2017-07-08 08:08:39 | Weblog

82『自然と人間の歴史・日本篇』神話・伝承による国家争奪の過程(天孫降臨とその後)

 こうして武力もしくは懐柔など、あの手この手を使って地上を制したアマテラスは、自分の息のかかった孫のニニギノミコトらの神々を地上の九州に遣わす。この関係であるが、ニニギノミコトは女性神であるアマテラスの孫にして、天忍穂耳尊(アマノオシホミミノミコト)の子というのであっても、血筋がどう繋がっているかはなんら語られていない。アマテラスがどんなにして、その子の親を懐胎したのかは問うべくもない、それが神のなすことであるから、人知の及ぶところでない、ということになっているのかもしれない。これを「天孫降臨」(てんそんこうりん)と呼んでいる。

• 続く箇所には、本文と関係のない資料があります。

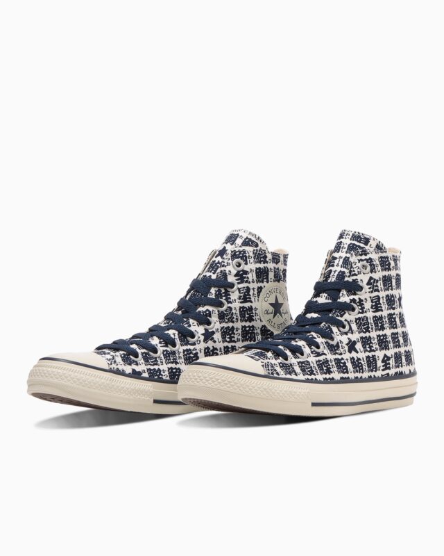 日本らしい文化を感じさせる「湯呑み(ゆのみ)」をモチーフにしたプリントアレンジモデル。アッパーには、様々な魚へんの漢字の中に、「オールスター」に漢字を当てた「全星(オールスター)」や手描き風の星マークを混ぜ込んだ、ユーモア溢れる特別なデザインをプリント。アッパーの柄に合わせてディテールをネイビーで統一し、モダンでファッショナブルに仕上げています。

 さあ、これでオオクニヌシに代わってこの国を治める、新しい支配者が現れるための前提がととのった。このようにして、平定された葦原中国にニニギノミコトが降り立つ。そこに忠臣として登場した猿田彦命(サルタヒコノミコト)を道案内に従え、三種の神器を携え高千穂(たかちほ、現在の九州の宮崎県高千穂町あたりか)にやって来る。地上に住み出したニニギノミコトは、そこで木花咲耶姫(コノハナサクヤヒメ)と出会い、二人は恋になり、結婚する。こうして彼らは、日本列島版の創世記・人間の登場の巻というべきか、かの「アダムとイブ」の関係になったのだ。その子供は二人いて、兄が火照命(ホデリノミコト、通称は海幸彦(ウミサチヒコ))、弟の方を彦火火出見尊(ホデミノミコト、通称は山幸彦(ヤマサチヒコ))というのであった。

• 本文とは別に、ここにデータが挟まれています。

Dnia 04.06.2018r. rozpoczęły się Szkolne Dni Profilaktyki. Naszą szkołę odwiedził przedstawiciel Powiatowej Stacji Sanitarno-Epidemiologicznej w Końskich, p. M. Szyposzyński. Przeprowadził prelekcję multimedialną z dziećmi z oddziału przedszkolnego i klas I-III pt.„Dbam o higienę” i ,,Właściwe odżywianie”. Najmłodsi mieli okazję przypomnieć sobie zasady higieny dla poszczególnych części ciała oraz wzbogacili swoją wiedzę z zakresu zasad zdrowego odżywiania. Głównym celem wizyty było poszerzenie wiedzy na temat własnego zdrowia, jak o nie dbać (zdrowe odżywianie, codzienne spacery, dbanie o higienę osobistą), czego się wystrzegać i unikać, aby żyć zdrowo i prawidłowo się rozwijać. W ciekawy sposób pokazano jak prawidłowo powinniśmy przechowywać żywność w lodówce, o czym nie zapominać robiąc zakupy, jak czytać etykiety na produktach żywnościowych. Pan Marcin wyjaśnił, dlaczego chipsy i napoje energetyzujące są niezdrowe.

 ところが、この両人は仲が良くなくて、とうとう争いを起こす。海の呪力を得た弟・山幸彦に、兄・海幸彦は劣勢に陥り、約束して服従ことになる。勝利者となった山幸彦は、かねて親しく霊力をもらっていた、海神の娘である豊玉姫命(トヨタマヒメノミコト、略称はトヨタマヒメ)との間に一人の子を設ける。ところが、これから出産という時になって異形の姿を山幸彦に見られてしまったトヨタマヒメは、子供を生みに実家へ帰ってしまう。そして生まれた山幸彦の子はトヨタマヒメの妹を娶り、二人の間に4人の子が生まれる。それがイツセ、イナヒ、ミケヌ、カムヤマトイワレビコとある。これらのうち末子の正式名称カムヤマトイワレビトが、後に「神武大王」(じんむだいおう)として即位する。先に天孫降臨したニニギノミコトから4代目のことであった。この神武大王については、明治時代に入って、政府が墳墓を懸命に探したのであったが、見つからず、ついに諦めてしまったことがある。

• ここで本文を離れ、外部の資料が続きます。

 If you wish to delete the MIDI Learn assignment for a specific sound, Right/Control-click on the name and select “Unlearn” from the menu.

 彼は、おそらく、その儘の内容での実在の人物ではなかった。ただし、そういう人物が確実にいなかったという証拠も見つかっていないのであるから、ここでは、そういう人物がわが国古代の伝説的に「正史」に組み込まれていることを、承知してもらいたい。そこで、彼のその後であるが、おそらくは西の方からやって来て、播磨からは最短ルートで大和(現在の奈良県)に進入するのではなく、あえて紀伊半島の熊野に迂回して、そこから太陽を背にして敵に向かう戦法をとることとし、夢のお告げで「佐土不都(さどふつ)」と呼ばれる七支刀(しちしとう)を受け取り、それをかざして敵をなぎ倒し、大和の地に入ることができた。ちなみに、この刀が石上神宮(いしのかみじんぐう)に伝わっているとの記述のあることから、国宝として伝わっている七支刀との関係を取り沙汰する向きもあるようだ。物語はこれから後半に入り、神々の支配から、大王、その後さらに天皇による支配へと移っていく。